**Task directions:** Transcribe the whole listing below without changing a word, but leave out every image.

━━━━━━━━━━━━━━━━

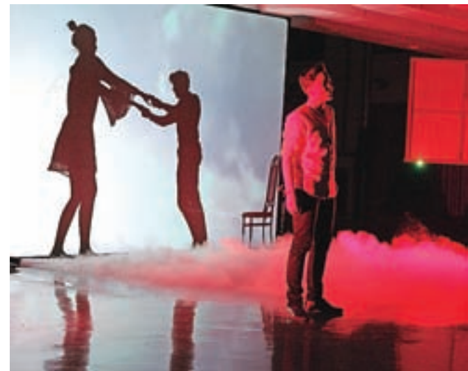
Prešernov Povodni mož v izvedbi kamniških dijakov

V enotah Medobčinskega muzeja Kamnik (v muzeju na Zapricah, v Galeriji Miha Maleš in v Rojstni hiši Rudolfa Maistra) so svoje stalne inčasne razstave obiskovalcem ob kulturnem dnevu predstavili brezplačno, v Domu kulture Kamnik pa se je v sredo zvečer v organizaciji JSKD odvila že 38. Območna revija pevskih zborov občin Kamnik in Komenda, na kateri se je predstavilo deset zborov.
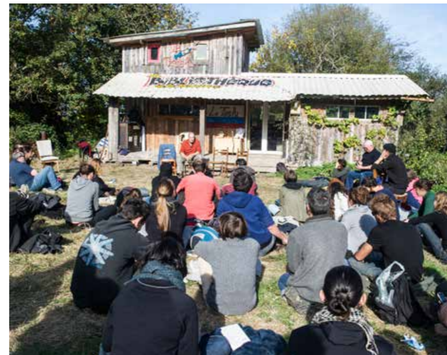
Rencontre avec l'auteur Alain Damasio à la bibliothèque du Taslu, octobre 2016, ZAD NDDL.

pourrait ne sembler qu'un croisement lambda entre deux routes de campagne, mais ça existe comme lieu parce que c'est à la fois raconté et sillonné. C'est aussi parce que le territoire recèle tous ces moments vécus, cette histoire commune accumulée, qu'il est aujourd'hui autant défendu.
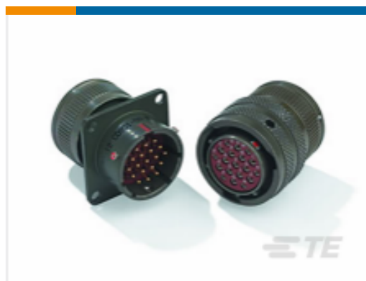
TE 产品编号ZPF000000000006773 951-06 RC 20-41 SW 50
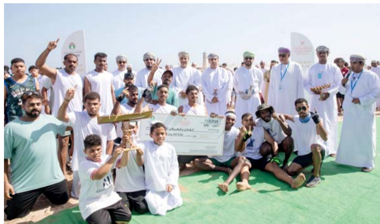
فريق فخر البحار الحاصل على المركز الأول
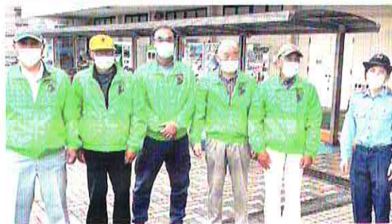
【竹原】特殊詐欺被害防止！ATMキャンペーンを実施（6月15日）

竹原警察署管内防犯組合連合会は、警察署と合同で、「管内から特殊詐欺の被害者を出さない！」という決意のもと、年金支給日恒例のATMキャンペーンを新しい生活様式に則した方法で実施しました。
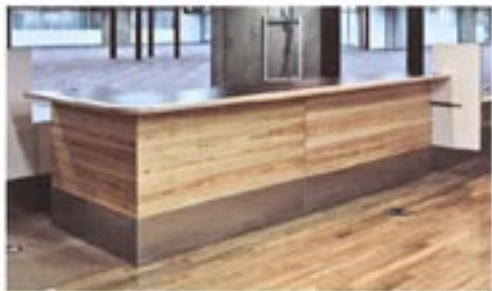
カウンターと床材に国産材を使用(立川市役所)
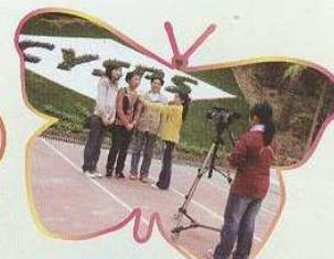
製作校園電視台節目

━━━━━━━━━━━━━━━━

**Answer space:**
Prešernov Povodni mož v izvedbi kamniških dijakov

V enotah Medobčinskega muzeja Kamnik (v muzeju na Zapricah, v Galeriji Miha Maleš in v Rojstni hiši Rudolfa Maistra) so svoje stalne inčasne razstave obiskovalcem ob kulturnem dnevu predstavili brezplačno, v Domu kulture Kamnik pa se je v sredo zvečer v organizaciji JSKD odvila že 38. Območna revija pevskih zborov občin Kamnik in Komenda, na kateri se je predstavilo deset zborov.
Rencontre avec l'auteur Alain Damasio à la bibliothèque du Taslu, octobre 2016, ZAD NDDL.

pourrait ne sembler qu'un croisement lambda entre deux routes de campagne, mais ça existe comme lieu parce que c'est à la fois raconté et sillonné. C'est aussi parce que le territoire recèle tous ces moments vécus, cette histoire commune accumulée, qu'il est aujourd'hui autant défendu.
TE 产品编号ZPF000000000006773 951-06 RC 20-41 SW 50
فريق فخر البحار الحاصل على المركز الأول
【竹原】特殊詐欺被害防止！ATMキャンペーンを実施（6月15日）

竹原警察署管内防犯組合連合会は、警察署と合同で、「管内から特殊詐欺の被害者を出さない！」という決意のもと、年金支給日恒例のATMキャンペーンを新しい生活様式に則した方法で実施しました。
カウンターと床材に国産材を使用(立川市役所)
製作校園電視台節目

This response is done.